In 2014, the Autorité des marchés financiers charged O'Leary Funds with failing to comply with various provisions under the Securities Act, namely, the restriction regarding securities concentration in a portfolio, the requirement to publish and file in a timely manner a press release informing the public about changes to a fund's fundamental investment objectives, the requirement to hold insurance coverage in accordance with regulations and the requirement to notify the AMF of any change to the information filed for registration purposes. With respect to the latter requirement, O'Leary Funds had failed to declare that it was the subject of a counterclaim for damages. O'Leary settled and agreed to pay penalties.

O'Leary Funds entered a legal dispute with Canadian energy company Boralex Inc. in 2010 over Boralex's proposed takeover of the Boralex Power Income Fund.
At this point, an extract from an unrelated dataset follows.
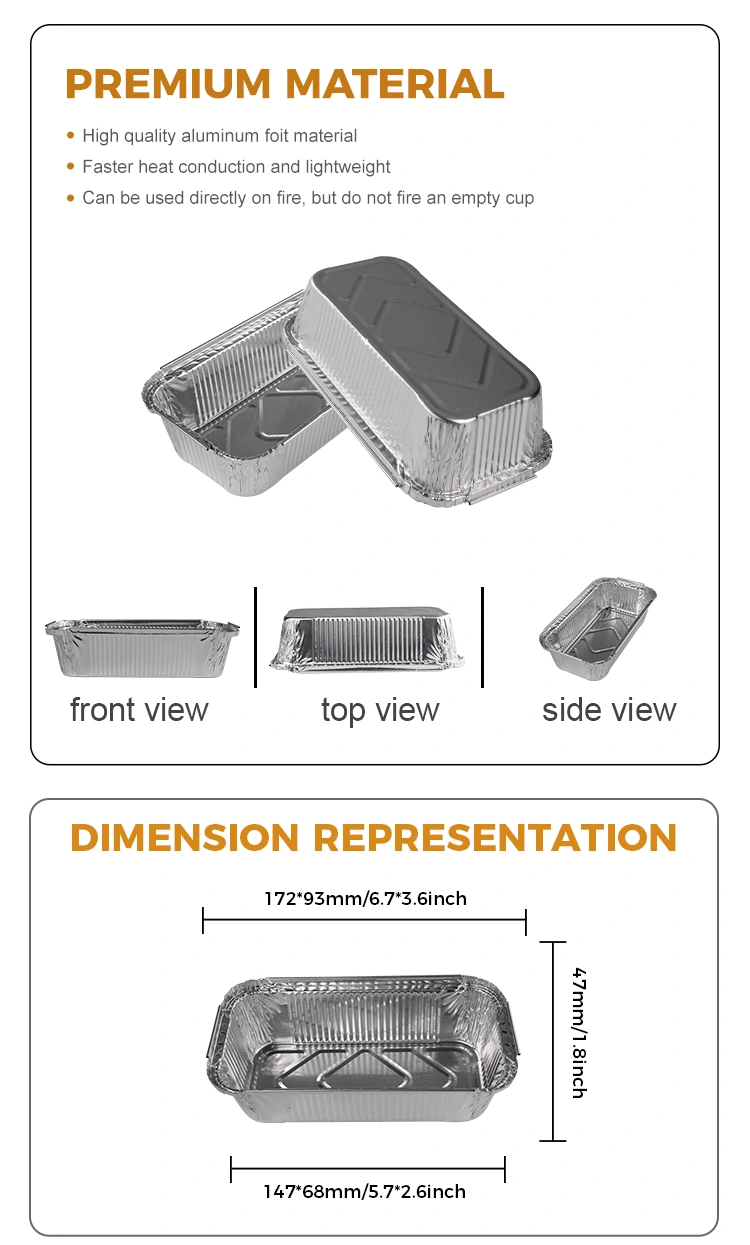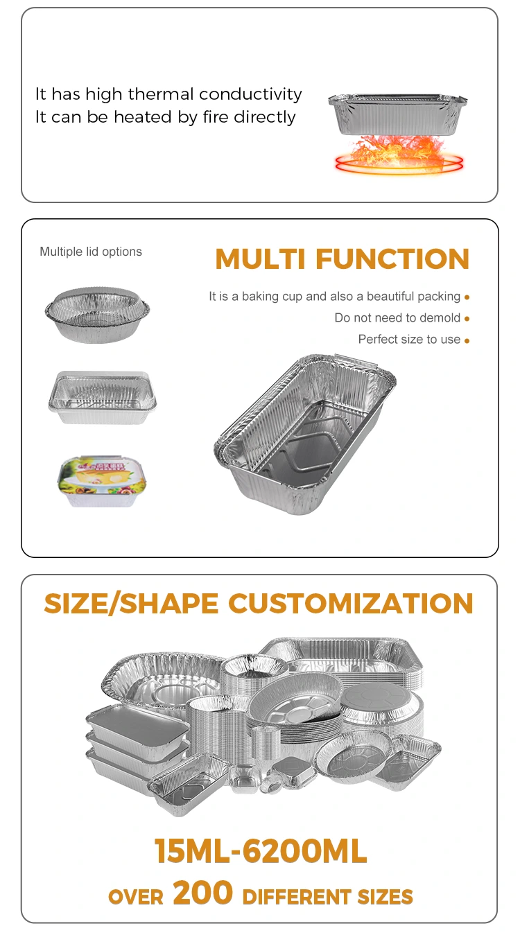 Одноразові прямокутні контейнери для алюмінієвої фольги з алюмінієвої фольги з постачальника алюмінієвої фольги Юнгу - це універсальний кухонний інструмент, придатний для різних методів приготування, таких як гриль, гарячий горщик, гратін, упаковка для виїзду тощо. Цей контейнер досить компактний, щоб відповідати різноманітним горщикам та обладнанню, і поставляється в різних розмірах, щоб задовольнити потреби різних шашликів з відкритим полум'ям. Його можна використовувати для виготовлення різних харчових продуктів, таких як повітряні фритюрниці та інші засоби обладнання, теплота та стійкість до масла, легка випічка.

Boralex owned 23 per cent of the trust, and O'Leary Funds held about 9.4 percent. O'Leary Funds contended that the proposed amendment to Boralex Power Income Fund's trust agreement was illegal, and petitioned the Montreal District Superior Court for the Province of Québec for a safeguard order (injunction), or ordonnance de sauvegarde, to prevent Boralex from proceeding with the sale. The petition was rejected, but the court ruled that O'Leary Funds had sufficient cause to seek damages in civil court. The case was still before the court as of February 2017.
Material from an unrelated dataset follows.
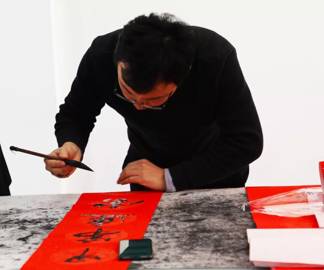 活动现场 “书法家”们一个个笔走游龙、各展所长,一句句充满吉祥与祝福、苍劲又灵动的毛笔字跃然于纸上。刚刚写出的春联,墨迹未干,便被大家“抢”到了手中,员工被气氛感染,拿起笔扬扬洒洒也写了起来。

In 2015 O'Brien and O'Leary formed O'Shares Investments, a firm offering investments to U.S. investors.

==Sports career==
O'Brien began skiing at an early age and has skied for four countries: Canada, the United States, the United Kingdom and Estonia. He was a member of the Middlebury College alpine ski team and skied for the United States while in college. Skiing under the British flag, he finished 33rd in the downhill at the Sarajevo Winter Olympic Games in 1984. Temporarily coming out of retirement and while working on Wall Street, he returned to the Olympic Games in 1994 to ski for his mother's native country, Estonia, which had recently gained independence from the Soviet Union.